Debbie Dooley of Altanta, Georgia, founder of Conservatives for Energy Freedom, rallies solar supporters in front of Public Utilities Commission offices Wednesday, Jan 13, 2016.

Earlier this week, state utility regulators indicated they would meet Monday to decide whether to hear more testimony about exempting some existing rooftop solar customers from paying newly increased electricity rates.

But with the meeting looming, the Public Utilities Commission faces an obstacle.

The Bureau of Consumer Protection, which represents ratepayers and asked for the rehearing, is withdrawing its request, saying another hearing would be inappropriate and skirt significant issues the commission needs to address in reconsidering the rates.

Several parties, including the bureau and solar advocates, have petitions before the commission asking it to revisit solar rates that raise a fixed fee and lower the value of credits solar customers earn by generating excess energy under a program known as net metering.

Answers to those petitions are due Monday.

NV Energy, the commission staff and other parties to the solar rate case have not yet filed answers to requests for reconsideration.

The bureau believes the commission should focus on the reconsiderations.

“BCP strongly encourages the commission to not proceed with the interim rehearing, but instead focus its efforts on the pending petitions for reconsideration and answers thereto,” the state’s consumer advocate, Eric Witkoski, who heads the bureau, wrote in a filing today.

A rehearing while there are pending reconsiderations could also present problems, Witkoski argues in a filing, in part because it would introduce new evidence into the case’s record.

In an email to the Sun, Witkoski called the rehearing a “procedural diversion.”

“The proposed rehearing is a procedural diversion and does not address the reconsideration process and frankly doesn’t address the issues the commission needs to consider on reconsideration,” Witkoski said. “Attempting to have a rehearing in the interim, while reconsiderations are pending is procedurally inappropriate.”

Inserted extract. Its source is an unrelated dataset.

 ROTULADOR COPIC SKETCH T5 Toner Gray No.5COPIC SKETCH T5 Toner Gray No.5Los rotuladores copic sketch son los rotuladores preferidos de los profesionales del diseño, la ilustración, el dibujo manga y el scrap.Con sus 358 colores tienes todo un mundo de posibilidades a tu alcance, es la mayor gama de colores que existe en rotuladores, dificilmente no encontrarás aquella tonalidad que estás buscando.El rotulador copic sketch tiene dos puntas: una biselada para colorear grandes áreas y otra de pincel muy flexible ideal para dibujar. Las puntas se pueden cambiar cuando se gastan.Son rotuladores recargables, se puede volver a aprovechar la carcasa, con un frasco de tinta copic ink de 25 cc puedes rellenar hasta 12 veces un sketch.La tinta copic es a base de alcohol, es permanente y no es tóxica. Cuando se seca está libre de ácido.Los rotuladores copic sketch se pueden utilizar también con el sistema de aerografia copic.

In addition to grandfathering, some requests for reconsideration ask the commission to revisit several aspects of its decision to increase bills, including the calculations behind the decision.

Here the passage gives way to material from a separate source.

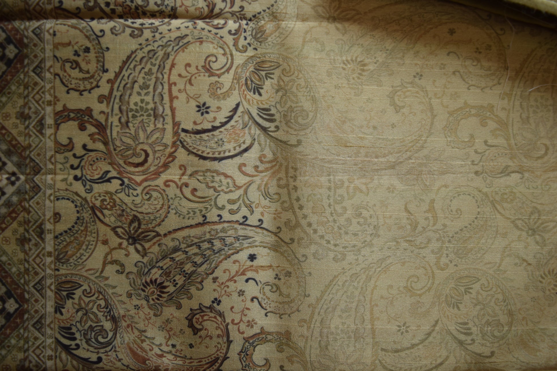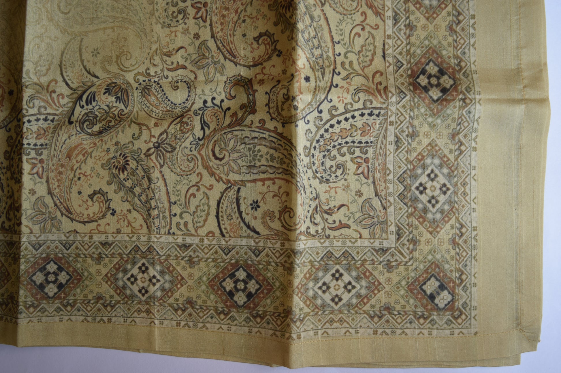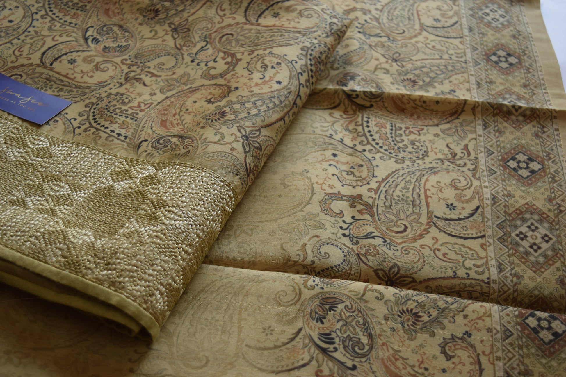 Experience the soft drape and subtle sheen of Chanderi silk with this 'Olive Mist' unstitched suit set. The light olive green fabric is adorned with a delicate paisley print, creating a sophisticated and understated look. The set includes a matching dupatta with a refined border and plain fabric for the bottoms. Ideal for creating a graceful and elegant ensemble.

Witkoski has also raised concerns about the timeline for a rehearing.

The commission’s draft order recommending a rehearing proposes a hearing on Feb. 8. Prior to that, parties would be required to provide the information with testimony answering a number of questions.

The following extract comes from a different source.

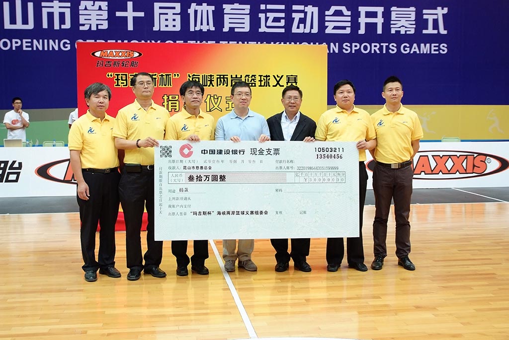 本場比賽不僅是海峽兩岸的一次精彩籃球?qū)Q,更是一次公益盛會,中場環(huán)節(jié),組委會特別安排了公益捐款環(huán)節(jié),作為本次比賽的冠名贊助商,瑪吉斯輪胎代表正新橡膠(中國)有限公司攜手昆山市臺辦、昆山市陸家鎮(zhèn)人民政府、昆山市體育中心發(fā)展有限公司、上?,敿龟牎⑴_灣裕隆納智捷隊向昆山市慈善總會捐贈了本次比賽籌集的三十萬元善款。本次比賽的兩支球隊總經(jīng)理分別致辭,上?,敿鼓谢@總經(jīng)理章明基表示:“十分高興能夠參加本次‘瑪吉斯杯’海峽兩岸籃球義賽,同時也十分榮幸地參與到昆山市第十屆體育運動會的開幕儀式當中,我們與裕隆隊可謂是老朋友了,我們隊中的曾文鼎便出自裕隆。希望大家享受今天的比賽,同時感謝大家對昆山市第十屆體育運動會的支持,以及公益事業(yè)的支持。”裕隆隊總經(jīng)理江育誠則表示,今后希望多參加這樣海峽兩岸的體育、文化交流。隨后此次義賽組委會代表昆山臺協(xié)會副會長游明輝先生向慈善總會轉(zhuǎn)交慈善支票,此時,場下掌聲如雷鳴般響起,將本場比賽的氣氛推向了高潮。

In a commission filing, the bureau argued that doing so “would require substantial discovery, potential interviews and gathering of information not possible in the current time-frame.”

Moreover, Witkoski believes there is enough information on the record, without additional testimony, to support adding a grandfather clause so early adopters of rooftop solar can keep their old rates.

It is unclear whether the commission will still authorize the rehearing, given the bureau’s recent filing.

A spokesperson for the commission said regulators could not comment on the filing but that the draft order remains on Monday’s agenda and will likely be discussed.